Download Wikipedia Articles
Technically it is my company's MediaWiki page and not Wikipedia, but the principal is the same.
If you got to the Wikipedia main page and do File -> Save Page As -> Web page complete
Then open the file that is saved, it turns out that none of the css or images have been saved and the page looks rubbish.
Same behaviour in Firefox and IE7.
Any idea why this is happening and how I can get round it?
I can print to PDF or even save as *.mht, but I don't want to do that.
I am also not interested in manually looking for the css files and copying them one by one locally.
Re: Download Wikipedia Articles
That's because a lot of the CSS files specified in the page's markup are not hard links. By hard links, I mean, they're more 'programmatic', though that isn't the correct term either.
Have a look at the markup
Code:
<style type="text/css">/*<![CDATA[*/
@import "/w/index.php?title=MediaWiki:Common.css&usemsgcache=yes&action=raw&ctype=text/css&smaxage=2678400";
@import "/w/index.php?title=MediaWiki:Monobook.css&usemsgcache=yes&action=raw&ctype=text/css&smaxage=2678400";
@import "/w/index.php?title=-&action=raw&gen=css&maxage=2678400";
/*]]>*/</style>
and
Code:
<!--[if lt IE 5.5000]><style type="text/css">@import "/skins-1.5/monobook/IE50Fixes.css?156";</style><![endif]-->
<!--[if IE 5.5000]><style type="text/css">@import "/skins-1.5/monobook/IE55Fixes.css?156";</style><![endif]-->
<!--[if IE 6]><style type="text/css">@import "/skins-1.5/monobook/IE60Fixes.css?156";</style><![endif]-->
<!--[if IE 7]><style type="text/css">@import "/skins-1.5/monobook/IE70Fixes.css?156";</style><![endif]-->
<!--[if lt IE 7]><script type="text/javascript" src="/skins-1.5/common/IEFixes.js?156"></script>
<meta http-equiv="imagetoolbar" content="no" /><![endif]-->
When saving the file, the browser will only save those files that are directly referenced, explicitly.
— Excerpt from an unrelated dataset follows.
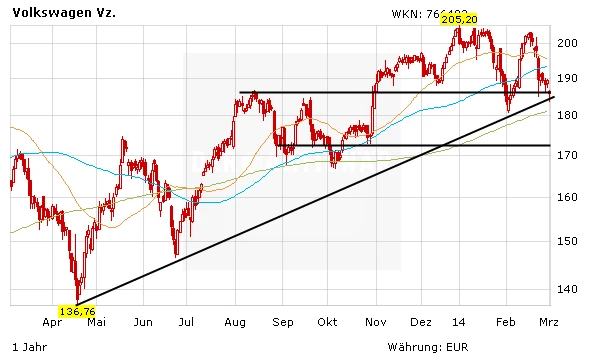 Die Daimler-Aktie lag zuletzt gut in der Spur. Das Papier hat den Dax in den letzten Wochen recht deutlich hinter sich gelassen. Ein Auffanglimit bei 62,50 Euro kann zum Ausbau der Position genutzt werden. Ähnlich die Situation bei Volkswagen. Das Papier notiert im Zuge der laufenden Korrektur derzeit bei rund 185,50 Euro. Anleger setzen ein Abstauberlimit bei 172,00 Euro.
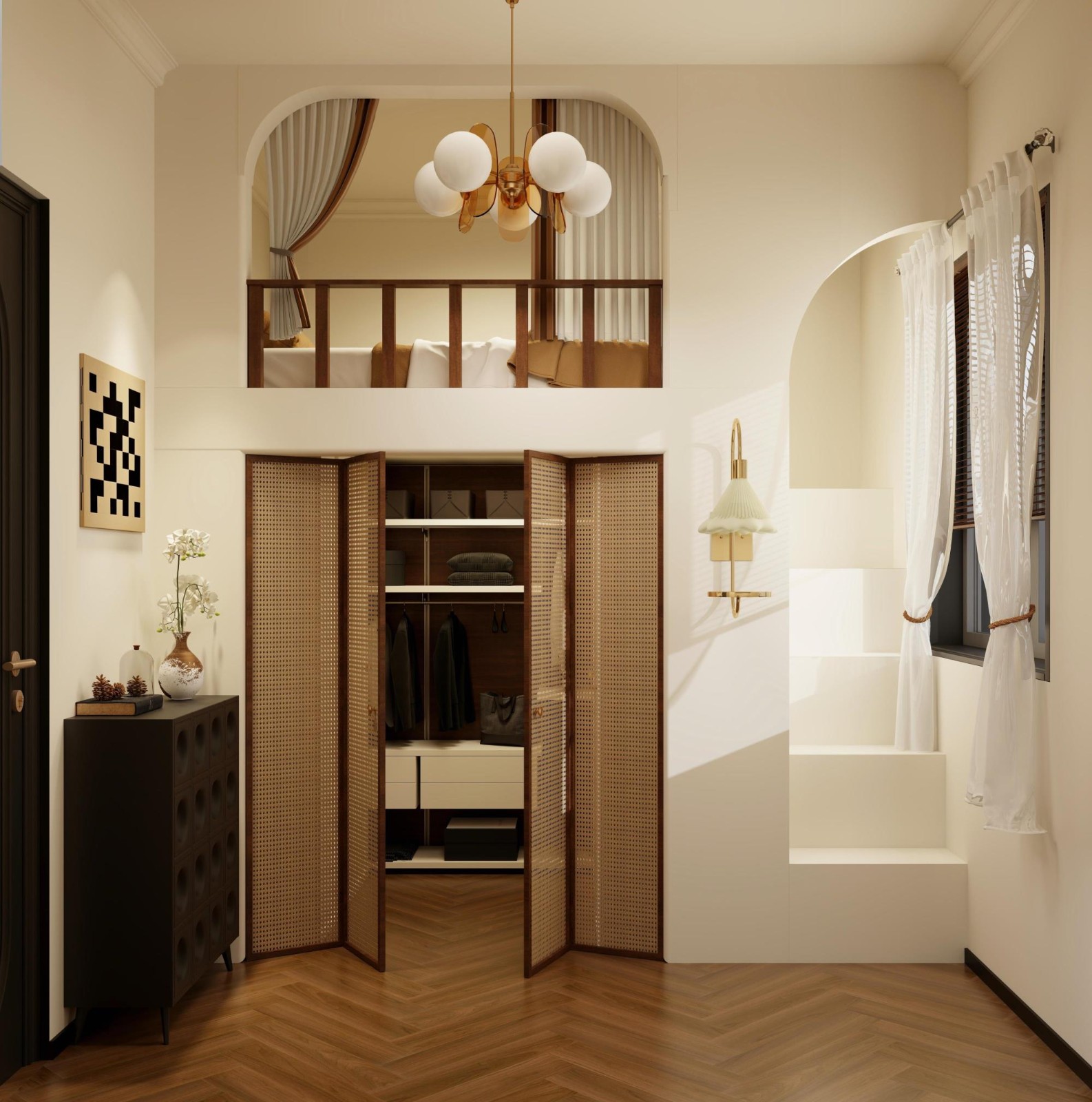 次臥面積為7平方米,經(jīng)過設(shè)計后呈現(xiàn)出充滿復(fù)古風(fēng)情的小樹屋。上方被打造成一個舒適的休息區(qū),下方則巧妙地設(shè)置了衣物收納區(qū)。

Re: Download Wikipedia Articles
Re: Download Wikipedia Articles
Does this stop you in your tracks for the task you want to perform?
Re: Download Wikipedia Articles
I can view them offline correctly with mht files, but I it turns out I can't print them as I would like online or offline actually as there is an onPrint method which takes out the css.
So far the only option I can see is to download the html then manully follow the links and download them as well and do a little bit of modification of the code.
The core reason behind it is to print off some info from the wiki to give to someone else to read.
My next step is to look at web site rippers to see if they help.
Any further ideas greatly recieved!